▶ [TASK TO CARRY OUT] Count how many lines in the data hold "following". Only the number.
+ + + + + + +
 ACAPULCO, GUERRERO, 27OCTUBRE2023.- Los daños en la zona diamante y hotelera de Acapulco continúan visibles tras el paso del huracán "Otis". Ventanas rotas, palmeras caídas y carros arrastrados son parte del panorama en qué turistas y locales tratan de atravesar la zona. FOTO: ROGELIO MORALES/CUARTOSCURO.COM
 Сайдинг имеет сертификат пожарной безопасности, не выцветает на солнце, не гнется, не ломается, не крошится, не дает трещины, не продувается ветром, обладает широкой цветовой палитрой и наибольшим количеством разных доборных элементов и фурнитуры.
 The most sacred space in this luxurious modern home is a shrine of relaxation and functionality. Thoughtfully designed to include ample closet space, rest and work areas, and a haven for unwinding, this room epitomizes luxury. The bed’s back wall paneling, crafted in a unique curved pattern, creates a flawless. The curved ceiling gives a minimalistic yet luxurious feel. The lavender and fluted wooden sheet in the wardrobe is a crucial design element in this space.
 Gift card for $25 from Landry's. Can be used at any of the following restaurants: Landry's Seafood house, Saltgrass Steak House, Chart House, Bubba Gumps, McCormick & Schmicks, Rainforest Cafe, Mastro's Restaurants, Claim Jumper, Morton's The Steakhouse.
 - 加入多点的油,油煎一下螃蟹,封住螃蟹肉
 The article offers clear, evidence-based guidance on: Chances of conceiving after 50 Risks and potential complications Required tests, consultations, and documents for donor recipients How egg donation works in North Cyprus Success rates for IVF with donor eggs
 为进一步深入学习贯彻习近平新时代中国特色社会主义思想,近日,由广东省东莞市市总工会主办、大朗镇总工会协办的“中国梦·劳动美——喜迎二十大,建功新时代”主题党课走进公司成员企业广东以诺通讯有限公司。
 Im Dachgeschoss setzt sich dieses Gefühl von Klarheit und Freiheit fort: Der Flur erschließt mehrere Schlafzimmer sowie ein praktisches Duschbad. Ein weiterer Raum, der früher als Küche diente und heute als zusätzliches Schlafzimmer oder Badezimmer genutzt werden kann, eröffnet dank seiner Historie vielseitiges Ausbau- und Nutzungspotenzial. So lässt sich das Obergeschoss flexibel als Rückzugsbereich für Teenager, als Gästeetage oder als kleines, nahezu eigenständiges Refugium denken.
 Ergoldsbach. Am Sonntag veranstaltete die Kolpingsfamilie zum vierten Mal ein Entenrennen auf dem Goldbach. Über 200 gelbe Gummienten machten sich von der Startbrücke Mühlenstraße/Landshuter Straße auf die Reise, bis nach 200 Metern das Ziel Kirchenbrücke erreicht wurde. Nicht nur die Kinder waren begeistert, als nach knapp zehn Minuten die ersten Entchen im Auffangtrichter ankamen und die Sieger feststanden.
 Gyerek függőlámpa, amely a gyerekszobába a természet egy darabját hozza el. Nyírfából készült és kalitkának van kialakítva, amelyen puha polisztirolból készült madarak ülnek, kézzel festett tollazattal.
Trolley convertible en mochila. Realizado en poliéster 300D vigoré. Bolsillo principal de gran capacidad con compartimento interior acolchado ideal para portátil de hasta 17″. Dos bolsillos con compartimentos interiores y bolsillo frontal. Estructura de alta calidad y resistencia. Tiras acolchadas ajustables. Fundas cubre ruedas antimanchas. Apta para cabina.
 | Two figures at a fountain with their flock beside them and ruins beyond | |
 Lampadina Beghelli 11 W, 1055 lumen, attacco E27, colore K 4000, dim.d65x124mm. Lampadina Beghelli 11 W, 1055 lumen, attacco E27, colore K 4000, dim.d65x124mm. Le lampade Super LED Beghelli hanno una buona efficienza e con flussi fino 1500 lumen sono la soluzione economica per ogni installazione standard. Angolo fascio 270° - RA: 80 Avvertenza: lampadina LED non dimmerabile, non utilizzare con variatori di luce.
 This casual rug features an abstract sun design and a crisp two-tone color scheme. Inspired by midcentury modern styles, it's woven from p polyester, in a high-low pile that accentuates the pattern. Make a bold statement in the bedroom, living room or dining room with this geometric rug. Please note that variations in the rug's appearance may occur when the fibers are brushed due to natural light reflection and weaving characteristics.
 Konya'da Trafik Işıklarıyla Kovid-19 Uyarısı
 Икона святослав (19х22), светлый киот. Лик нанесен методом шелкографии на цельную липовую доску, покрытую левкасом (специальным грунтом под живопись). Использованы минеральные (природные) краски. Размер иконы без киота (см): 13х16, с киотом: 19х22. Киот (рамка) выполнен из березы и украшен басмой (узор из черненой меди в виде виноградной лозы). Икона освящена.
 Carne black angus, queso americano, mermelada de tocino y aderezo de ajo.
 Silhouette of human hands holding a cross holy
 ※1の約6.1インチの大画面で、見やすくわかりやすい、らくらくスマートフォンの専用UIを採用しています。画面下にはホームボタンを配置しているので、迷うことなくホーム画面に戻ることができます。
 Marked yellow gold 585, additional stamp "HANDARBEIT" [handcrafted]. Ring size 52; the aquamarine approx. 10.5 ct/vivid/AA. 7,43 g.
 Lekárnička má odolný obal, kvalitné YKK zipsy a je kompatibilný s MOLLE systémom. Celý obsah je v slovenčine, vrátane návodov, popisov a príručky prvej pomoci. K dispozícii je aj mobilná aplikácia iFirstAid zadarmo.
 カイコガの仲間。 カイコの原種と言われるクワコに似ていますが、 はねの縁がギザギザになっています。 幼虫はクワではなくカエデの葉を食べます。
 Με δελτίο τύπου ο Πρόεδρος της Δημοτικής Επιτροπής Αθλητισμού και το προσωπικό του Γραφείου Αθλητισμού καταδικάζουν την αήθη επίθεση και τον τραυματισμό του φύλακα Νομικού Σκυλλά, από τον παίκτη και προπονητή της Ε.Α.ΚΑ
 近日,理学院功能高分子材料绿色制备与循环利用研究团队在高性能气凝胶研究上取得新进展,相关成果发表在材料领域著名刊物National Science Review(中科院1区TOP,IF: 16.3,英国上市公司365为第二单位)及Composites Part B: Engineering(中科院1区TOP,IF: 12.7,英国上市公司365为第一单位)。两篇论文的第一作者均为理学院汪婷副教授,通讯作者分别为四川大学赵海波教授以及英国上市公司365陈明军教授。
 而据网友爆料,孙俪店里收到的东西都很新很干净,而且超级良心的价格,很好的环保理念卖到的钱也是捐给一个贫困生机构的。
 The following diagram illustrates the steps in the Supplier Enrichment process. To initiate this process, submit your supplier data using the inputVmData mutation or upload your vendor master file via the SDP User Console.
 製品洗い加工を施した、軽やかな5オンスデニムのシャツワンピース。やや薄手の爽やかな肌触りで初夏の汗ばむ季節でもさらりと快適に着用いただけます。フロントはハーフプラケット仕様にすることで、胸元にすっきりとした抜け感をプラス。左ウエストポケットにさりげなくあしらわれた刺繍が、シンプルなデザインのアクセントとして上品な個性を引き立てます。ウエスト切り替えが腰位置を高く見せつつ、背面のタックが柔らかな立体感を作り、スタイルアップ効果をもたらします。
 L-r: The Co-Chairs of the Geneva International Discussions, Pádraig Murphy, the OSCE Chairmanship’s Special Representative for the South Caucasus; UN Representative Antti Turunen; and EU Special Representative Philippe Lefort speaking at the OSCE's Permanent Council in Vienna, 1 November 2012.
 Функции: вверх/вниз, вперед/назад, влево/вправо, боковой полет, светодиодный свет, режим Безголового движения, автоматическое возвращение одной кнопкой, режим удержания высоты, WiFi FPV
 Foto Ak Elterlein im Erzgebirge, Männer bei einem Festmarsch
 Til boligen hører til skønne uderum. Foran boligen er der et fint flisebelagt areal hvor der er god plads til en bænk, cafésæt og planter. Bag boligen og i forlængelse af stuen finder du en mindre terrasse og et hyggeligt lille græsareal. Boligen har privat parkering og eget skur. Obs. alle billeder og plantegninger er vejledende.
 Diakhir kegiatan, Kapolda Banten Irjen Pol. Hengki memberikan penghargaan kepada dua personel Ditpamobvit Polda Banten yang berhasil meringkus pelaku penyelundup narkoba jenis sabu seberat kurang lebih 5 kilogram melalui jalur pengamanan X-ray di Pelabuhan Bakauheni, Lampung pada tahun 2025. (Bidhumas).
+ + + + + + +
▶ [OUTPUT OF THE EXERCISE] 2